Racial mixing wouldn’t make me move out, but if the neighborhood declined enough, then I would. Declined meaning: more robberies, vandalism, more neglected houses, etc. It just so happens that in the history of this country, neighborhoods and cities were often vacated by white people around mid-century and then they declined. But it was a socio-economic thing ultimately.

Strauss's avatar

@DominicY But it was a socio-economic thing ultimately.

“White fright flight” was certainly a socio-economic thing, but it was defined largely by redlining by mortgage banks and racial stereotyping by many white people.

ibstubro's avatar

I think it depends on the location and your upbringing.

From what I’ve seen of St. Louis, I would be very uncomfortable being less than half the majority.

From what I saw in Cleveland, Ohio, nobody really gave a crap what color their neighbor was. It was more socioeconomic class.

I’m from Missouri. I honestly didn’t realize that black and white strangers could interact without tension until fairly recently. Scoff if you like, that’s simply my life’s reality.

syz's avatar

My neighborhood is probably less than ⅓ white. I have no plans to move.

syz (35649points)“Great Answer” (2points)
LostInParadise's avatar

Thanks for your answers. Unfortunately, the jelly population is not representative of the world at large. All of our major cities are heavily segregated, and it did not come about by chance. There is segregation by both income and race, but racial segregation is greater. As the model shows, even a small amount of racism can get magnified in global population patterns, which means that people may not even be consciously aware of their motivations.

ibstubro's avatar

When I lived in St. Louis, I lived in Maplewood which was openly touted by the realtors as “the cheapest predominately white neighborhood” to live in. My knee-jerk was ‘Uh, okay, let’s look there.”

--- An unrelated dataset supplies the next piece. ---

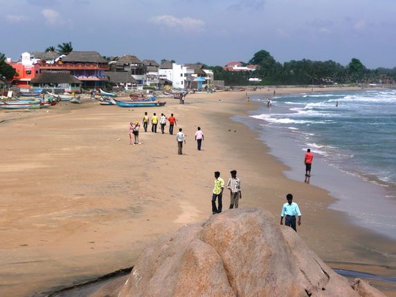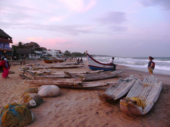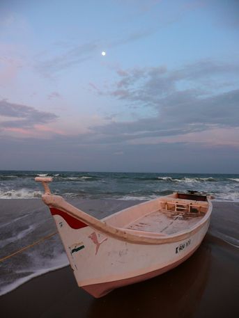 Fem una passejada per la riba fins al temple de la platja. Ens mullem els peus i poc mes. La sorra en algunes parts esta molt bruta. Furgant amb el peu, deixant-te enfonsar en la sorra per l'efecte de l'anar i venir de les ones, queda al descobert una gran taca de color negre que sembla quitrà. No s'enganxa als peus però tampoc és agradable. La sorra esta plena de barques de pesca amarrades. Tornant sobre els nostres passos fem algunes fotos del vespre i la lluna plena, abans parar a sopar marisc i peix fresc en algun restaurant a primera línia de brisa.

Safety was equated with ‘white’.

Strauss's avatar

@ibstubro Safety was equated with ‘white’.
Or possibly the realtors assumed that someone white would feel more comfortable in a “predominately white” neighborhood.

Blackberry's avatar

Nice title bait lol. Glad you’re not actually racist.

tinyfaery's avatar

Ew. I would never live in a place that was not ethnically diverse. I grew up in L.A. I would never feel comfortable around a bunch of white people. How boring and insular. I think that is what breeds racism and intolerance. When everybody is just like everyone else there is no way for people to experience other kinds of beliefs, traditions, food (the food alone is worth it). When people leave such an insular neighborhood they are going to distrust and fear those who are not just like them.

ibstubro's avatar

Oh, were you house hunting in St. Louis in the early 80’s, too, @Yetanotheruser?

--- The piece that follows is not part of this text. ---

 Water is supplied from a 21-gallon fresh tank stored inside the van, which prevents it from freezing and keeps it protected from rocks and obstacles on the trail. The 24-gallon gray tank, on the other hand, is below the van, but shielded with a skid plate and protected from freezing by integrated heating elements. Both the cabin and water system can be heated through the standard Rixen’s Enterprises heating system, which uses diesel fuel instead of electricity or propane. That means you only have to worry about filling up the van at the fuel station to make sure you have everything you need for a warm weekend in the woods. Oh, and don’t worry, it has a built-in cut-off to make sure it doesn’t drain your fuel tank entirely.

BeenThereSaidThat's avatar

I already live in a racially mixed neighborhood. In New York most are. I would move if my actual next door neighbors were assholes. I lived in my house for 40 years and so far both of my neighbors on either side of me have lived in their homes for 60 and 30 years. so far so good…....

ibstubro's avatar

One chief appeal of my home is that I do not and can not have a neighbor in view. I have a secluded spot in a very public area.

Were I to search for housing in the city, I’d ask for diversity versus safety statistics. Literally I am that totally sincere guy at the grocery that asks, “What do you use that for?” I had a little road-trip today and found that the customer at Lucky’s Market had not had the vegetable torte before, so was not certain how she would heat it. The guy at Lucky’s deli underestimated the curry in the “Cauliflower Cracklins”. Gave direction to the woman at Pat’s Market on how to get to both Lucky’s Market and Trader Joe’s (over an hour away.)

LadyMarissa's avatar

At one point, my husband & I were the ONLY whites in our neighborhood. I found it NO different than living in all white neighborhood. I had great friends, met some wonderful people & still have some wonderful friends from those days!!!